*** Block opens ***
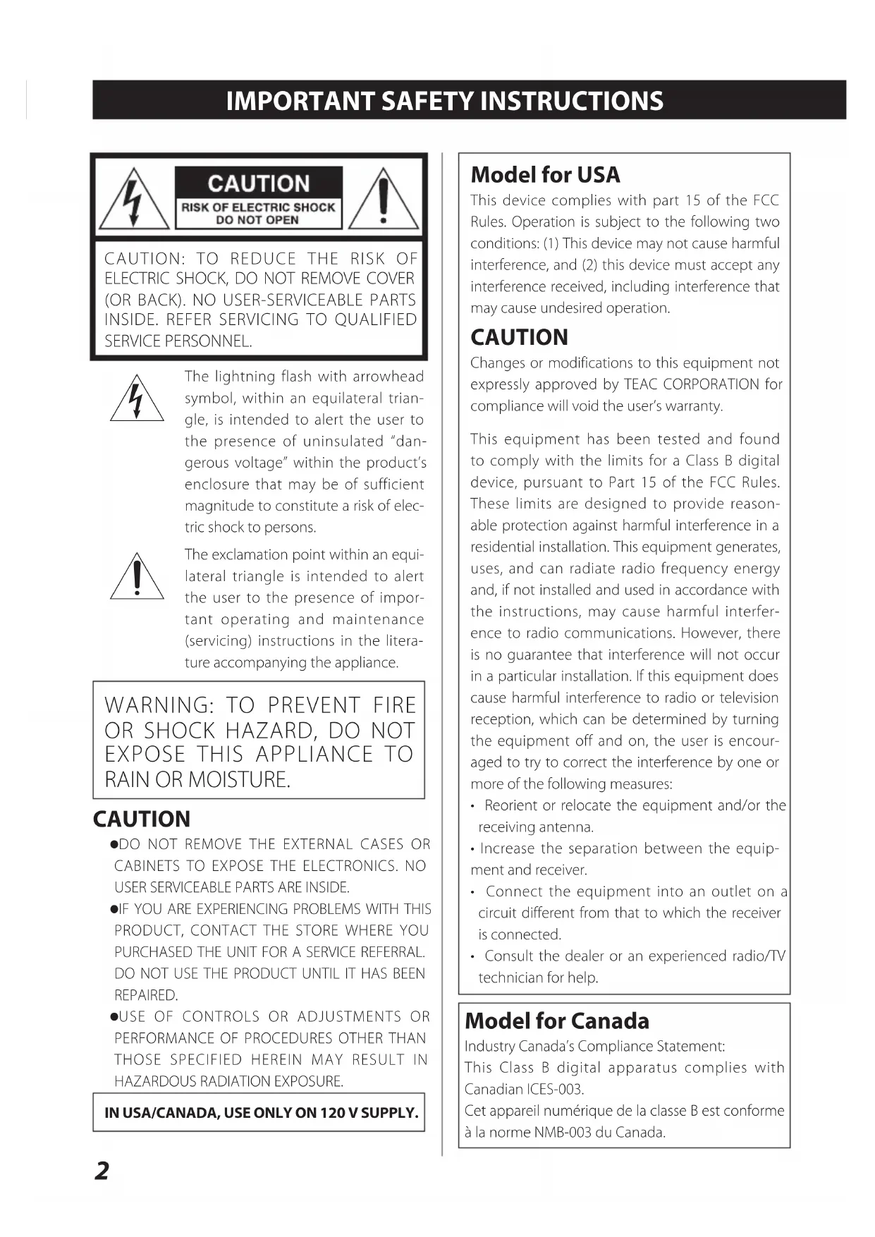 HAZARDOUS RADIATION EXPOSURE. IN USA/CANADA, USE ONLY ON 120 V SUPPLY. Model for USA This device complies with part 15 of the FCC Rules. Operation is subject to the following two conditions: (1) This device may not cause harmful interference, and (2) this device must accept any interference received, including interference that may cause undesired operation. CAUTION Changes or modifications to this equipment not expressly approved by TEAC CORPORATION for compliance will void the user’s warranty. This equipment has been tested and found to comply with the limits for a Class B digital device, pursuant to Part 15 of the FCC Rules. These limits are designed to provide reason- able protection against harmful interference in a residential installation. This equipment generates, uses, and can radiate radio frequency energy and, if not installed and used in accordance with the instructions, may cause harmful interfer- ence to radio communications. However, there is no guarantee that interference will not occur in a particular installation. If this equipment does cause harmful interference to radio or television reception, which can be determined by turning the equipment off and on, the user is encour- aged to try to correct the interference by one or more of the following measures:
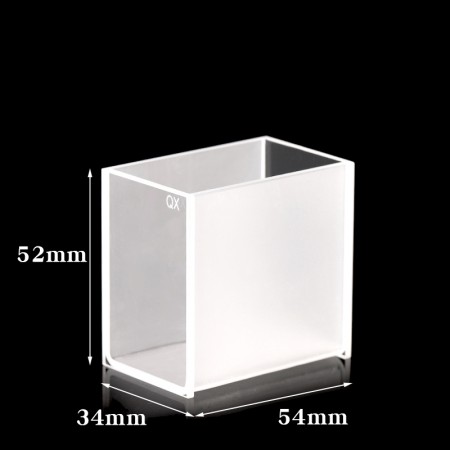 Quartz Customized Cuvette, 2 Clear Windows, Volume: 75 mL, Outer Dim(HxWxD): 34 x 54 x 52mm, Path Length: 50mm, Inner Width: 30mm, Wavelength: 190 – 2500nm, Fabrication: Fused, No Lid, Packing: 1pc/ea, PN: QG24277-2
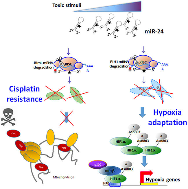 Figure 9: Mechanism of action of miR-24 in breast cancer stem cells. Toxic stimuli induce expression of miR-24. MiR-24 downregulates BimL (inducing resistance to chemotherapeutics) and FIH1 (inducing resistance under hypoxia).
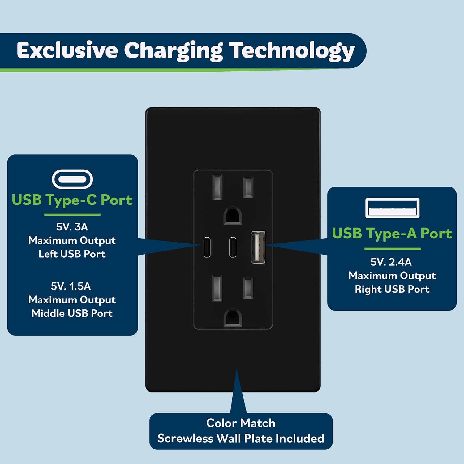 | Item Type Name | TOPGREENER 5.8A Ultra High Speed USB Type-C/A Combo Outlet, 15A Tamper-Resistant Receptacle, Compatible with iPhone 11 Pro/11/XS/MAX/XR/X, Samsung Note S9/S8/S7 & More, UL Listed, TU21558AC-BK, Black |
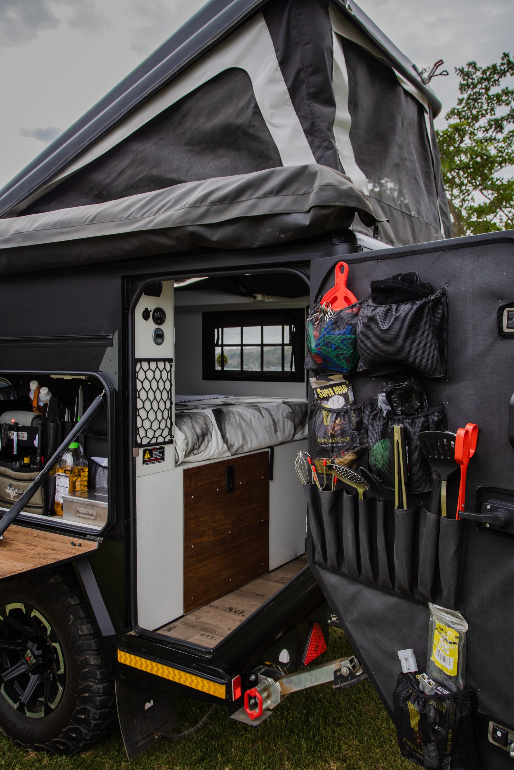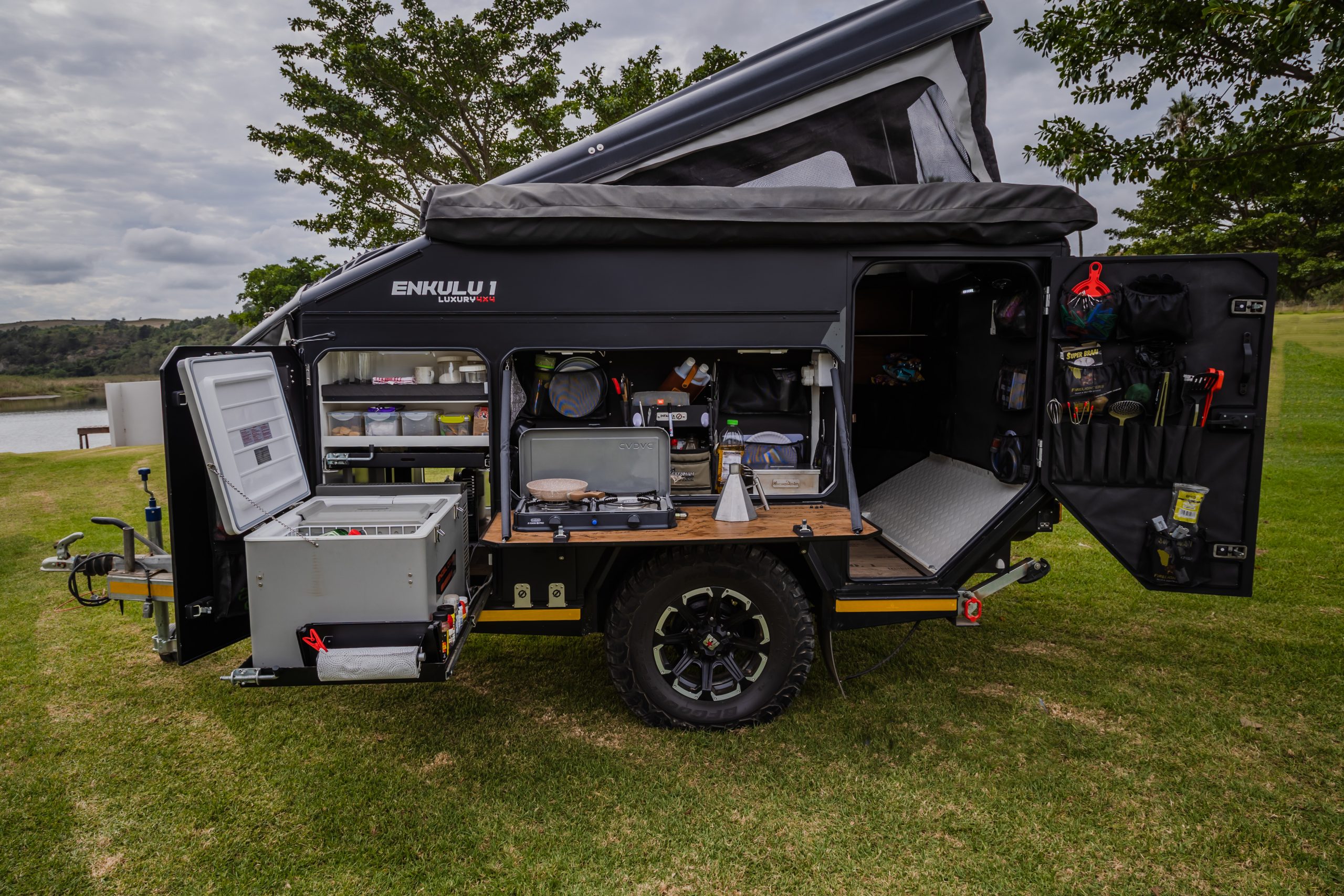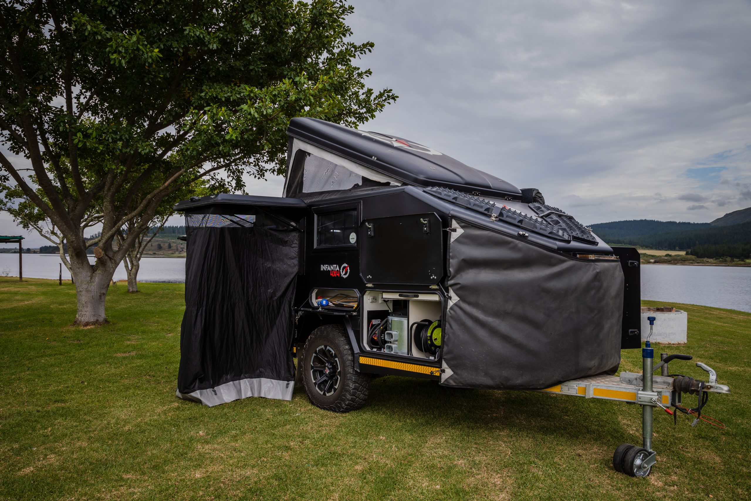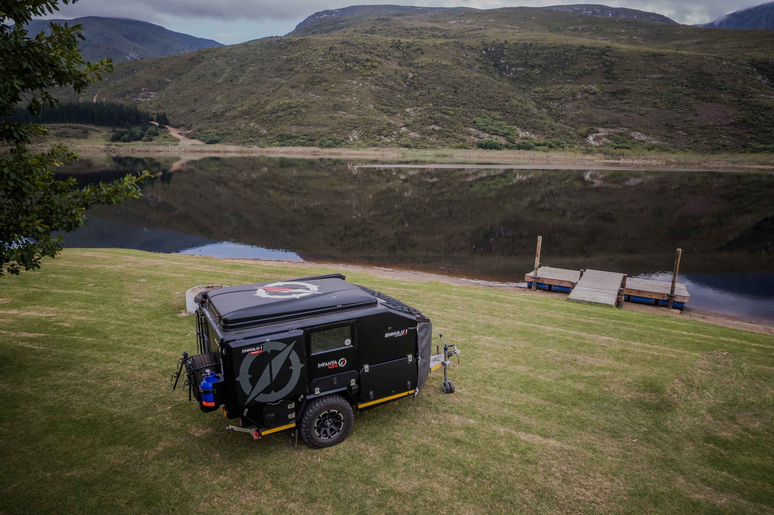 Discover the Infanta Enkulu 1, a compact and robust caravan designed for the adventurous at heart. Equipped with features that maximise both convenience and efficiency, this caravan offers a streamlined aerodynamic design, quick setup, and is crafted from durable aluminium and polycarbonate. Perfect for couples ready to explore, the Enkulu 1 includes a range of modern comforts such as LED lighting, a built-in battery system chargeable via your towing vehicle, and optional air conditioning. Whether tackling rugged 4×4 trails or enjoying a cosy setup under the stars, the Enkulu 1 provides a perfect blend of mobility and home-like comfort, equipped for any journey.
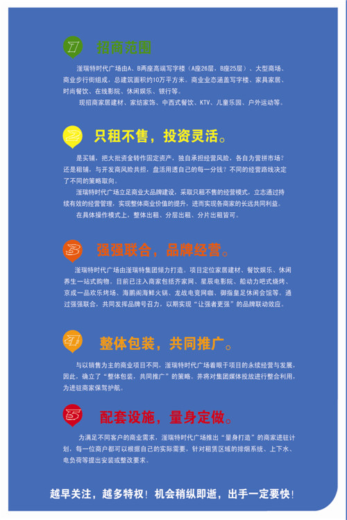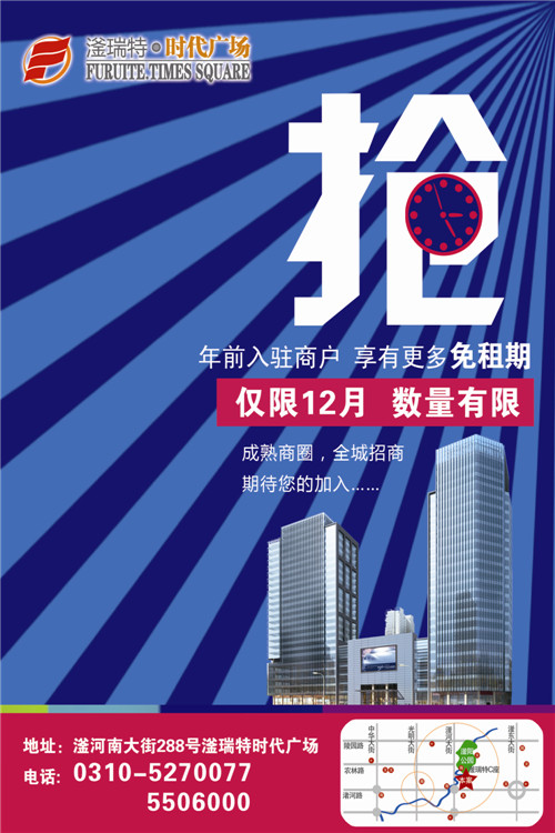 滏瑞特時代廣場與眾多品牌強強聯(lián)手,專門為商家量身定做屬于自己的商鋪!高品質的產品伴隨著優(yōu)質的服務,無論你租與不租,滏瑞特時代廣場就在這里等你!?。?/span>
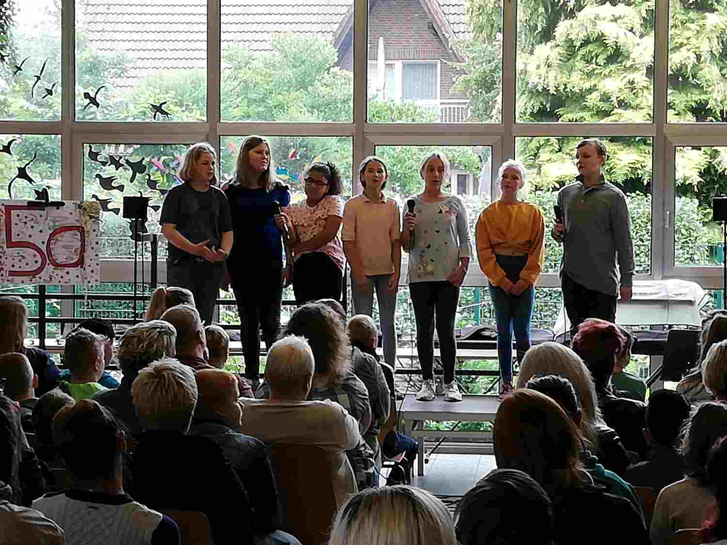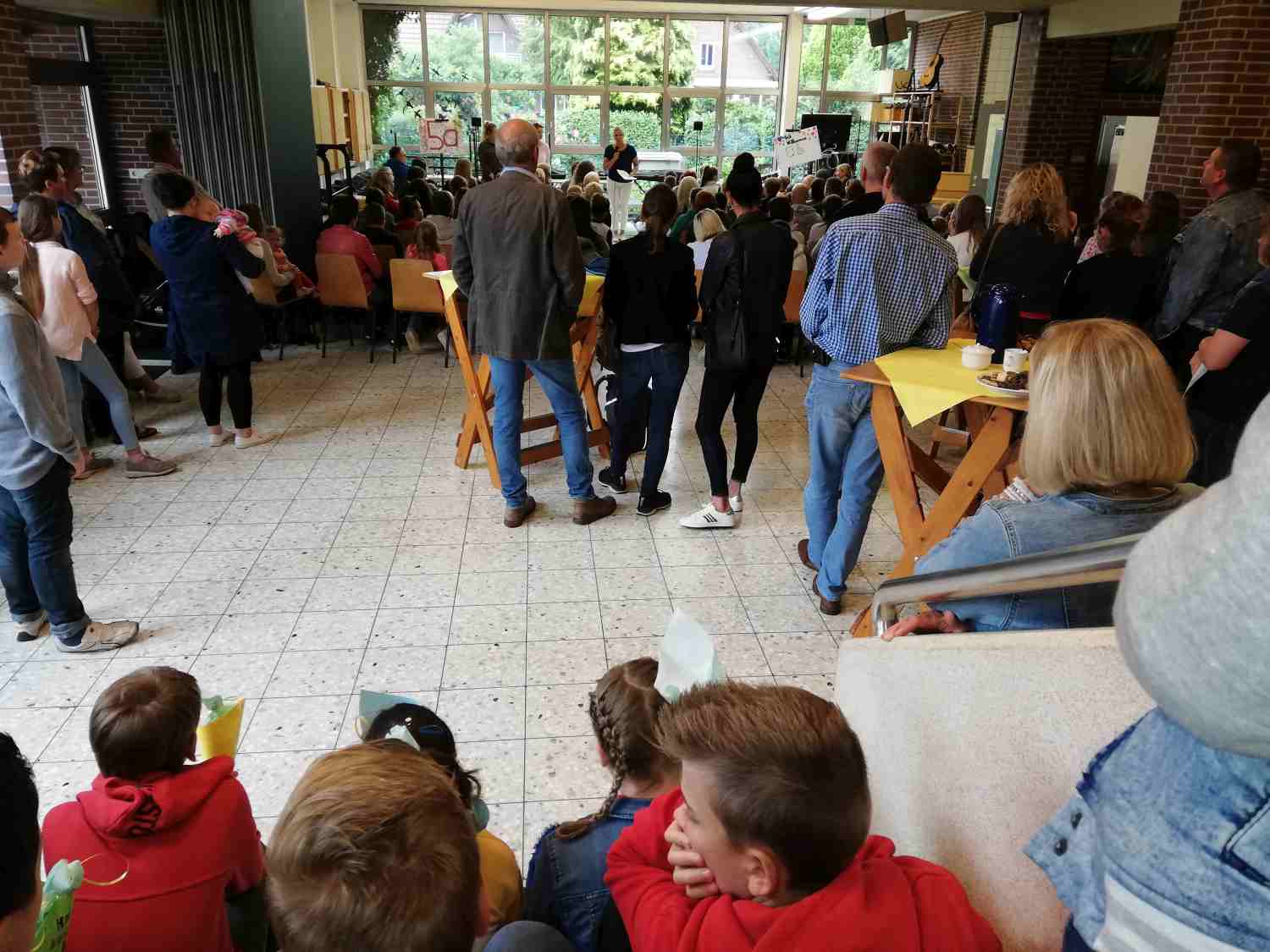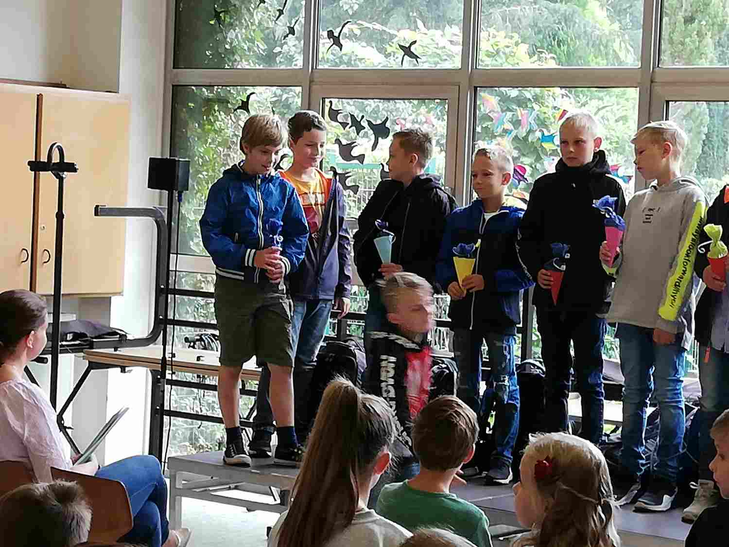 Am Donnerstag, den 15. August 2019, wurden um 10.00 Uhr die 52 Schülerinnen und Schüler der 5. Klassen durch die Schulleiterin Petra Brokamp willkommen geheißen. Eingeladen waren auch die Eltern der Kinder, die zahlreich erschienen sind. Die Einschulungsfeier wurde maßgeblich von den Schülerinnen und Schülern der Chor- und Sketch- AG unter der Leitung von Frau Nicole Dockmann durch eine humorvolle Musicalaufführung gestaltet. Die Klassen 6a und 6b und ihre Klassenlehrerinnen Frau Meike Meyenburg und Frau Sandra Luttikhuis begrüßten die „Neuen“ mit einem kleinen Willkommenspräsent.
*** Block closes ***
→ **YOUR INSTRUCTIONS**
Transcribe the lines above exactly, beginning at the one with "Quartz Customized Cuvette, 2" and ending at the one with "滏瑞特時代廣場與眾多品牌強強". Include both; exclude the pictures.

→ **OUTPUT OF THE TASK**
 Quartz Customized Cuvette, 2 Clear Windows, Volume: 75 mL, Outer Dim(HxWxD): 34 x 54 x 52mm, Path Length: 50mm, Inner Width: 30mm, Wavelength: 190 – 2500nm, Fabrication: Fused, No Lid, Packing: 1pc/ea, PN: QG24277-2
 Figure 9: Mechanism of action of miR-24 in breast cancer stem cells. Toxic stimuli induce expression of miR-24. MiR-24 downregulates BimL (inducing resistance to chemotherapeutics) and FIH1 (inducing resistance under hypoxia).
 | Item Type Name | TOPGREENER 5.8A Ultra High Speed USB Type-C/A Combo Outlet, 15A Tamper-Resistant Receptacle, Compatible with iPhone 11 Pro/11/XS/MAX/XR/X, Samsung Note S9/S8/S7 & More, UL Listed, TU21558AC-BK, Black |
 Discover the Infanta Enkulu 1, a compact and robust caravan designed for the adventurous at heart. Equipped with features that maximise both convenience and efficiency, this caravan offers a streamlined aerodynamic design, quick setup, and is crafted from durable aluminium and polycarbonate. Perfect for couples ready to explore, the Enkulu 1 includes a range of modern comforts such as LED lighting, a built-in battery system chargeable via your towing vehicle, and optional air conditioning. Whether tackling rugged 4×4 trails or enjoying a cosy setup under the stars, the Enkulu 1 provides a perfect blend of mobility and home-like comfort, equipped for any journey.
 滏瑞特時代廣場與眾多品牌強強聯(lián)手,專門為商家量身定做屬于自己的商鋪!高品質的產品伴隨著優(yōu)質的服務,無論你租與不租,滏瑞特時代廣場就在這里等你!?。?/span>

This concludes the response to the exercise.